The latest findings made by NASA’s Cassini probe might change the way scientists see Solar System’s Saturn. Cassini completed two dives in the unexplored area between the Saturn’s rings, and scientists were shocked to see there is nothing there, not even space dust.

Scientists revealed that apparently there is no matter between the famous rings of Saturn. Rings are made up of ice and space debris that are always moving in a quick way. These findings are based on data Cassini collected during its first dive through the region on April 26.

Cassini, Saturn
Cassini has not even found dust between Saturn’s rings. Image credit: NASA.

“The region between the rings and Saturn is ‘the big empty,’ apparently,” said Cassini Project Manager Earl Maize of NASA’s Jet Propulsion Laboratory in Pasadena, California. “Cassini will stay the course, while the scientists work on the mystery of why the dust level is much lower than expected.”

A 20-year joint mission ends with an astonishing discovery

The Cassini project was launched in 1997 as a joint mission between NASA, the Italian Space Agency, and the European Space Agency. It got to Saturn -the second largest planet in the Solar System- in 2004. It will complete 22 dives between the rings and the planet before making its final travel into the planet this September when the 20-year mission is set to end.

However, the new data collected by Cassini have puzzled scientists. They discovered that there is absolutely nothing in the area between the Saturn’s rings. Scientists had expected to find at least some small amounts of dust or another type of matter there between the gaps.

Saturn
A false-color view of Saturn’s clouds. Image credit: NASA

Had the environment been dustier in the gaps, the spacecraft’s saucer-shaped primary antenna would have been needed as a shield in future dives. However, since that is not the case, there is no need for Plan B to continue the investigations.

Thanks to images from Cassini, scientists estimated that there would not be large particles in the 1,200-mile-wide (2,000-kilometer-wide) region between Saturn and its rings that could pose a threat to the spacecraft and the mission. However, since no spacecraft has ever been there before, engineers made an antenna that would protect the Cassini probe from oncoming ring particles.

The lack of matter is disorienting for scientists

When they converted the RPWS data in an audible format, researchers expected to hear the dust particles hitting the instrument’s antennas. However, those expected pops and crack sounds never came on the Cassini’s data evaluated on April 26.

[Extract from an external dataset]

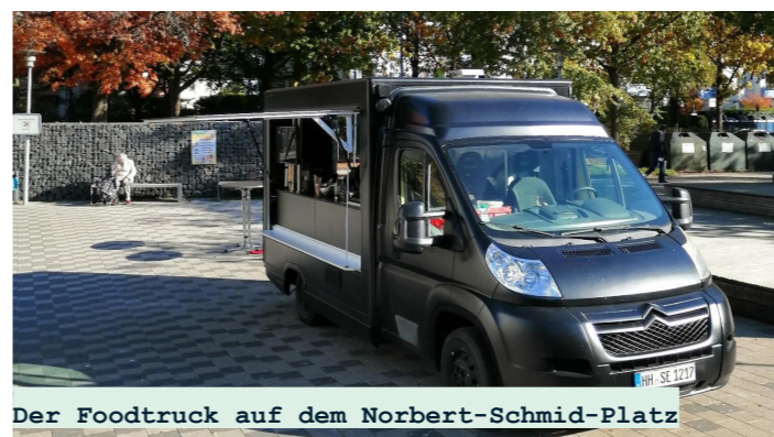
Der Foodtruck auf dem Norbert-Schmid-Platz

انتظار طولانی به پایان رسیده است. از اکتبر، هر دوشنبه و چهارشنبه یک پیشنهاد ناهار گرم از ساعت ۱۱ تا ۱۴ در نوربرت-اشمید-پلاتز وجود دارد. با ۰،۵۰ یورو، بخش بزرگی دریافت می‌کنید، یک گزینه گیاهی نیز همیشه در دسترس است. نکته ما: جعبه خود را بیاورید و از ضایعات بسته بندی خودداری کنید. کامیون غذا پروژه ای از SocialEatery برای اجرای قانون فرصت‌های مشارکت در هامبورگ است که به بیکاران طولانی مدت کمک می‌کند راه خود را به دنیای کار بازگردند.

“It was a bit disorienting — we weren’t hearing what we expected to hear,” said William Kurth, RPWS team lead at the University of Iowa, Iowa City. “I’ve listened to our data from the first dive several times and I can probably count on my hands the number of dust particle impacts I hear.”

According to the team of analysts, the particles with which Cassini made some few encounters as it crossed the gap are not larger than those particles in smoke, about 1 micron.

The next dive for Cassini was on May 2 at 12:38 p.m. During this opportunity Cassini rotated faster than scientists have ever allowed it. They did this to calibrate the magnetometer.

Life in Saturn could be confirmed thanks to Cassini

The Cassini spacecraft went into the Enceladus’s ice-covered ocean. Enceladus is Saturn’s sixth largest moon. It is about 303 miles wide. It is almost entirely frozen, and it is 800 million miles away from Earth. Thanks to the data, scientists noticed the presence of hydrogen gas there. They said that this gas could only come from the hydrothermal reactions between sweltering rocks and water in the ocean that is beneath the ice. Scientists say, due to the characteristics of this oceans, that some delicate species might live there in deep waters.

This could lead to think that Saturn is not as evolved as Earth since its Enceladus’ Ocean might hold now the similar single-celled organisms that began life on Earth. They haven’t confirmed life in Saturn; however, the conditions would allow this type of life.

enceladus
A shot of Saturn’s moon Enceladus. Image credit: NASA.

These type of organisms are still found in the depths of Earth’s oceans. They use hydrogen and CO2 to survive through a process called “methanogenesis.” At least on Earth, life can only be possible if there is water, carbon, hydrogen, oxygen, sulfur, nitrogen and phosphorus.

The only thing left to be found in Saturn is sulfur and phosphorus. Nonetheless, scientists have good vibes about this, since the rocky cores of Saturn’s moons seem to be similar to the meteorites where these two elements are found. The data collected in Enceladus is the first evidence of a food source from another place in the space.

“What is intriguing about the data at Enceladus, with the hydrogen detection, is that we are now able to determine how much energy would be available from the methanogenesis reaction at Enceladus,” said Chris Glein, Cassini INMS team associate at SwRI during the press conference. “We have made the first calorie count in an alien ocean.”